Optimizing video stimuli
Video recordings are a widely popular type of stimuli in educational SR research, as evidenced by nearly 70% of the reviewed studies (173 articles) that utilized them. This prevalence of video stimuli has been noted in previous review research by Gazdag et al. (2019), which to some extent, explains the exclusive focus on video stimuli in his study. These recordings commonly consist of real-life scenes from classrooms, laboratories, and screen captures of technology-mediated learning settings. To serve as effective incentives for participants, video recordings should reflect the interactions between instructors and learners, and researchers ought to regulate their length to prevent participant weariness (Lee, 2020).
A number of enhancement options have been suggested by researchers. One technique is to use multiple cameras to record and display split-screen videos, providing various perspectives of the learning environment. For instance, Jackson and Cho (2018) produced a split-screen video recording of teachers’ and students’ simultaneous behaviors, enabling a more potent stimulus for supporting event recall, contextual and situational recall.
Additionally, some researchers have used head-mounted video cameras to record video from the participant’s perspective, visually reproducing original learning scenarios. Such an approach is beneficial in studies examining interpersonal communication, such as those exploring teacher-student interactions or teacher interventions in early childhood peer conflict (Agricola et al., 2021; Myrtil et al., 2021).
Utilizing biofeedback data
With more accurate and detailed data, biofeedback data (14 articles) is increasingly considered a stimulus choice for self-reflection. Currently, eye-tracking technology is the most commonly used physiological feedback technique. The Eye-Mind hypothesis suggests that eye movements correspond to mental operations, allowing researchers to infer cognitive processes from gaze patterns (Obersteiner and Tumpek, 2016, p. 257). By combining eye-tracking data with self-reflection, potential ambiguity and uncertainty in eye-tracking techniques are reduced, giving a more thorough overview of the educational process for reflection (Schindler and Lilienthal, 2019; El and Windeatt, 2019; Chu and Zhai, 2023).

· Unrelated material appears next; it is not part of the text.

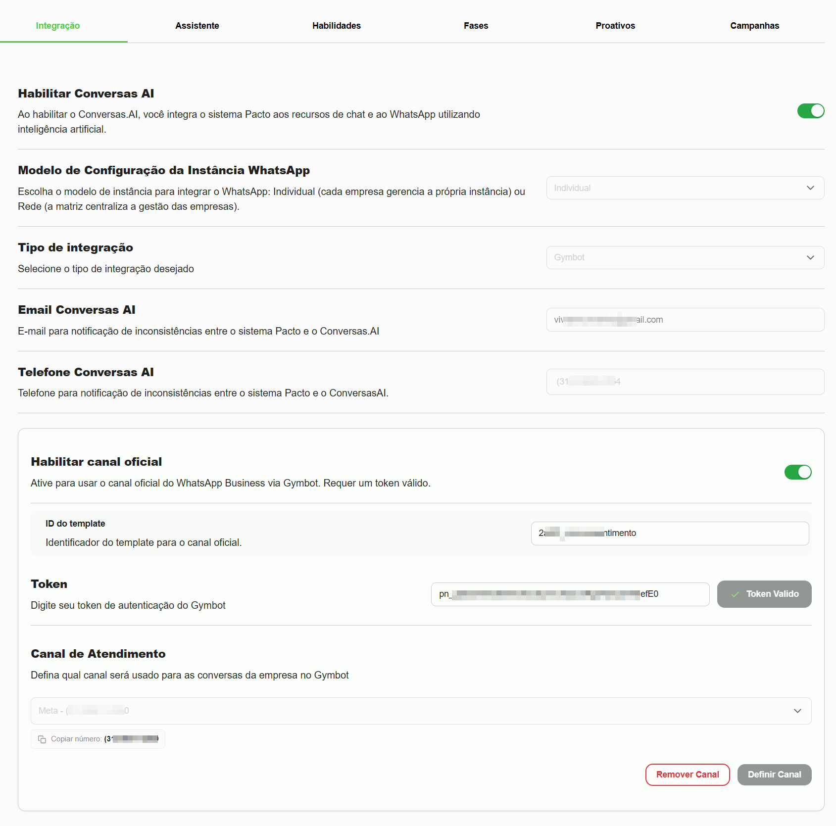 Número de telefone usado para notificações de inconsistências entre o sistema Pacto e o Conversas.AI. - Habilitar canal oficial

Moreover, other physiological indicators have served as informative stimuli in self-reflection. Zhai et al. (2018) found that online learners’ reading comprehension and cognitive abilities were significantly improve by using both eye-movement and EEG physiological signals as stimuli. Multiple physiological indicators can be included to provide a more thorough and accurate picture of the cognitive and affective states of learners during the learning process.
RQ3: Time factors
Considering time factors is crucial for the utilizing SR method in educational research. This is because time not only influences the selection and processing of stimuli but also has implications for the subsequent interviews. Specifically, enhancing the temporal properties involves both reducing the presentation time and increasing the span of information provided by the stimuli source. Moreover, it is essential to set appropriate time intervals to schedule the interviews. The reviewed literature suggests that the interview schedule may vary depending on the study.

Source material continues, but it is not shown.